The USDA Business & Industry (B&I) Loan Guarantee program provides federal guarantees (up to 80% of principal and interest) on loans made by private lenders to rural businesses, enabling access to capital in communities of 50,000 or fewer residents that lack conventional financing options. Authorized under 7 U.S.C. § 1932(a), administered by USDA Rural Development. See rd.usda.gov/programs-services/business-programs/business-industry-loan-guarantees.
The USDA Business & Industry (B&I) Loan Guarantee program is the primary federal credit-enhancement tool for rural business financing outside the SBA's programs. Rather than lending directly, USDA Rural Development issues guarantees to approved commercial lenders — banks, credit unions, CDFIs — which then make loans to eligible rural businesses. The guarantee reduces the lender's risk exposure, enabling loans that would not otherwise be made under conventional underwriting standards. Key program parameters: - Eligible geography: Businesses located in rural areas — generally outside cities of 50,000+ population and their contiguous urbanized areas. See the USDA eligibility map at rd.usda.gov. - Eligible businesses: For-profit businesses, non-profit businesses (with restrictions), cooperatives, federally recognized tribes, and public entities. New and existing businesses are both eligible. - Loan purposes: Business conversion, enlargement, repair, modernization; purchase and development of land, buildings, equipment; supply working capital; startup costs and working capital for new businesses. Ineligible: golf courses, racetracks, casinos, and certain other activities. - Loan size: Up to $25M (standard); up to $40M for rural cooperatives processing value-added agricultural commodities. - Guarantee percentage: 80% for loans ≤ $5M; 70% for $5M-$10M; 60% for >$10M. - Interest rates: Negotiated between lender and borrower — fixed or variable. USDA sets maximum rates. - Collateral: Required at 100%+ of loan value. Personal guarantees required from owners with 20%+ equity. - DSCR: Typically 1.25× minimum on projected cash flow. Applications are submitted by the lender (not the business) to the State Rural Development Office. Processing times typically 60-120 days for complete applications. See rd.usda.gov/programs-services/business-programs/business-industry-loan-guarantees for current program rules and lender eligibility.
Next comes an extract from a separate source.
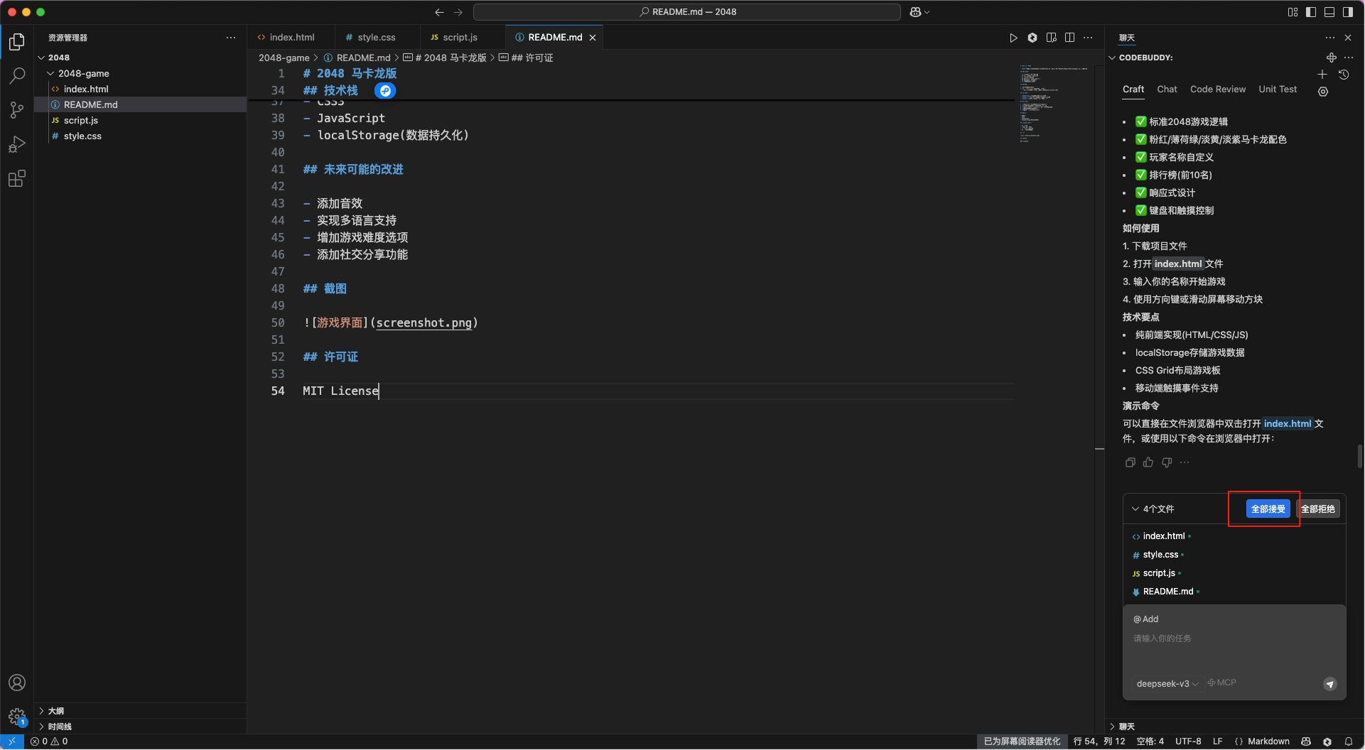 很快,稍等一会就生成好了,这个时候我们就可以点这个“全部接受”按钮啦,CodeBuddy 还特别贴心的把“如何运行”“如何使用”“技术要点”全部生成啦!

The B&I program is lender-driven — your lender submits the guarantee application to USDA, not you. Start by contacting community banks, agricultural banks, or CDFIs in your area that are USDA-approved lenders. Your state's USDA Rural Development office (rd.usda.gov) maintains a list of approved lenders. Present a complete business plan, 3 years of financials, and collateral inventory when approaching a lender.
Eligibility depends on the specific census tract and city boundary definitions. USDA uses a mapping tool at rd.usda.gov to determine eligibility by address. Businesses in towns immediately adjacent to large cities may be ineligible if their location is considered part of the urbanized area. Use the USDA eligibility map to confirm before investing time in the application.
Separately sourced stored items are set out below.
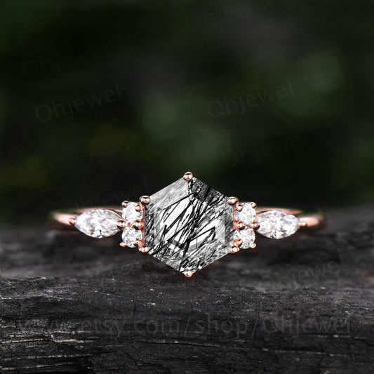 Hexagon black rutilated quartz engagement ring for women vintage art deco moissanite ring rose gold six prong anniversary promise ring gift
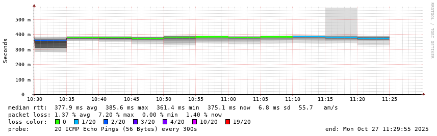 Running on SmokePing-2.7.3 by Tobi Oetiker and Niko Tyni. Maintained by IP Volume NOC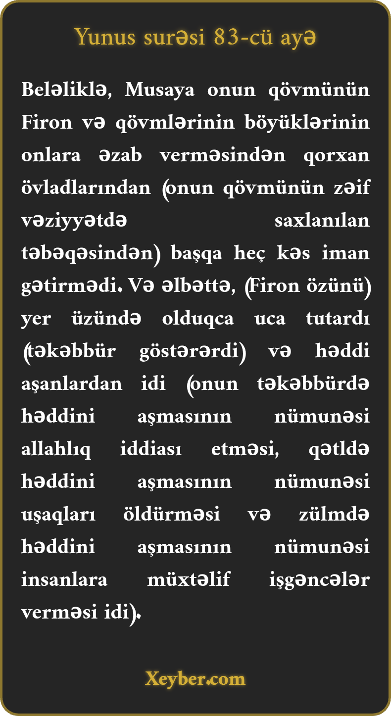 NUR TƏFSİRİ: Yunus surəsi / ayə 83

The key differences: (1) Geography — B&I is exclusively for rural areas; SBA 7(a) serves all geographies. (2) Loan size — B&I goes up to $25M; SBA 7(a) caps at $5M. (3) Guarantee — B&I guarantees up to 80%; SBA 7(a) guarantees up to 85% on loans ≤ $150K, 75% above. (4) Application route — both are lender-applied, but USDA State offices process B&I while SBA district offices handle 7(a).